1 Introduction
Triple-product-free sets are one example of a solution-free set. Loosely speaking, a solution-free set in a group is a set whose elements do not satisfy a given equation or collection of equations.
The most extensively studied solution-free sets have been sum-free sets in abelian groups. These are nonempty sets containing no solutions to
$x + y = z$
. Interest in sum-free sets dates back to a theorem of Schur [Reference Schur5], which states that for all positive integers k, there exists a positive integer n such that
$\{1, 2, \ldots , n\}$
cannot be partitioned into k sum-free sets. This implies that the set of integers cannot be partitioned into finitely many sum-free sets.
A sum-free set is locally maximal if it is not properly contained in any other sum-free set. Such sets relate to another example of a solution-free set: the widely studied concept of caps in finite geometry. A k-cap in the projective space
$PG(n, q)$
is a collection of k points with no three collinear. Maximal (by inclusion) caps are known as complete caps. When
$q=2$
, complete caps are equivalent to locally maximal sum-free sets of
$\mathbb {Z}_2^{n+1}$
. In this context, locally maximal product-free sets for elementary abelian 2-groups of order up to 64 were classified in [Reference Khatirinejad and Lisoněk4].

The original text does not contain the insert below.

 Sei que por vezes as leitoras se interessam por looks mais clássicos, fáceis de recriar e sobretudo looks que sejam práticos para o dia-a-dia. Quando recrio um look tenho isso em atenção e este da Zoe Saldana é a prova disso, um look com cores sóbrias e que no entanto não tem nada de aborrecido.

In an arbitrary group, we refer not to sum-free sets, but to product-free sets, which contain no solutions to
$xy=z$
. As every product-free set is contained in a locally maximal product-free set, it is important to understand the locally maximal product-free sets. Giudici and Hart [Reference Giudici and Hart3] gave necessary and sufficient conditions for a product-free set to be locally maximal in a group, and investigated groups containing smallest possible locally maximal sum-free sets. They classified all finite groups containing maximal product-free sets of sizes 1 and 2, with the size 3 and 4 case tackled by Anabanti and Hart in [Reference Anabanti and Hart2, Reference Anabanti1]. Some general results were also obtained.
In this paper, we focus on locally maximal triple-product-free sets.

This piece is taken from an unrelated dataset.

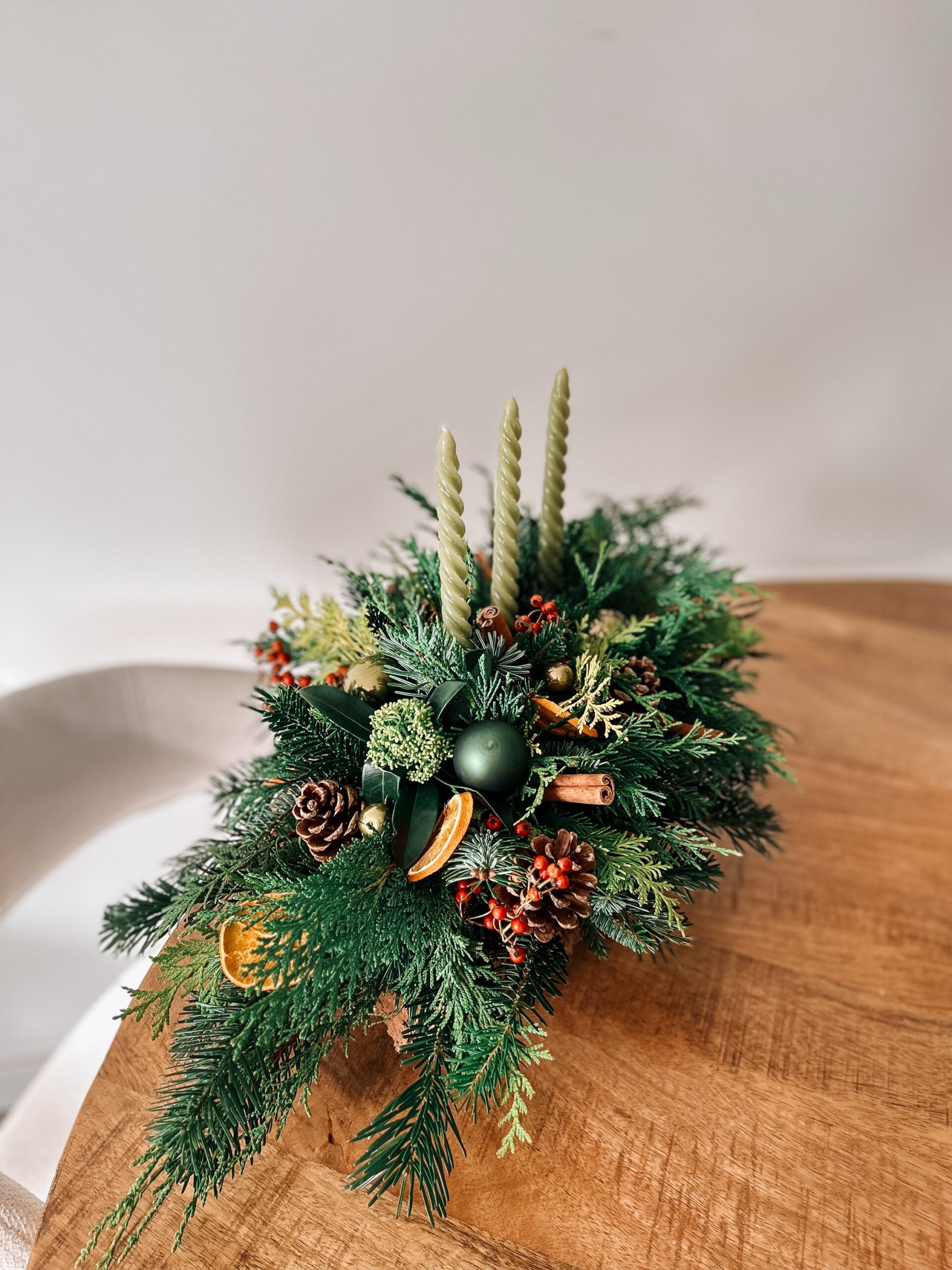 Een tafelstuk in onze stijl, met verschillende soorten kerstgroen en zo natuurlijk mogelijk. We maken het stuk op een ondergrond van kurk wat een heel robuuste uitstraling aan het geheel geeft. Wij hebben nu gekozen voor groene twist kaarsen, maar het is ook mogelijk om het stuk met witte kaarsen te maken. Net wat beter bij jou past. Het stuk is ongeveer 65cm. Ineke maakte al jaren alle kerststukken voor in de winkel, dus zij zal alles haarfijn uitleggen.

Definition 1.1. Let S be a nonempty subset of a finite group G. We say S is triple-product-free if
$abc \notin S$
for all
$a, b, c \in S$
. Further, S is said to be locally maximal triple-product-free in G if S is triple-product-free and not properly contained in any other triple-product-free set. (If G is an additive group, we refer instead to triple-sum-free sets.)

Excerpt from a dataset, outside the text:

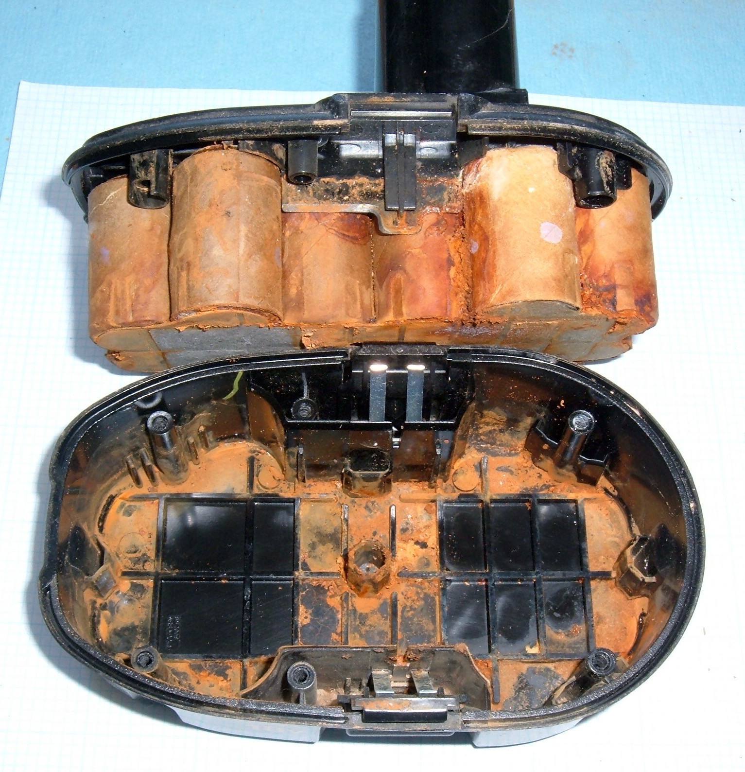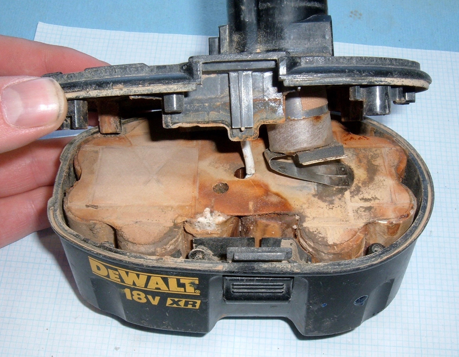 And… ew. This pack seems to be badly rusted out on the inside. I assume it got very wet and was never dried, but it’s toast. Or some cells vented and made a mess. I don’t know, and I’m pretty sure I don’t want to know.

The following lemma provides infinitely many examples of locally maximal triple-product-free sets.
Lemma 1.2. Let G be a group and let N be a normal subgroup of index 3 in G. Any nontrivial coset of N is locally maximal triple-product-free.
Proof. Suppose
$x \notin N$
. Let
$a, b, c \in Nx$
. Then
$abc \in (Nx)(Nx)(Nx)= (Nx)^3 = N \not = Nx$
. Therefore,
$Nx$
is triple-product-free. Moreover, suppose
$g\in G\setminus Nx = N \cup Nx^2$
and let
$S = \{g\} \cup Nx$
. If
$g\in N$
, then
$g = (gx^{-3})x\cdot x\cdot x\in (Nx)(Nx)(Nx)$
. If
$g\in Nx^2$
, then
$g^{-1}\in Nx$
and
$g = ggg^{-1}$
. Either way, S is not triple-product-free. Hence,
$Nx$
is locally maximal triple-product-free.
The triple-product-free sets provided by Lemma 1.2 are large as a proportion of the group order. At the other extreme are locally maximal triple-product-free sets of smallest size. In Section 2, we determine all groups with locally maximal triple-product-free sets of size 1 (Theorem 2.2). In Section 3, we obtain some results on triple-product-free sets of arbitrary size, including necessary and sufficient conditions for a subset of a group to be locally maximal triple-product-free (Theorem 3.5).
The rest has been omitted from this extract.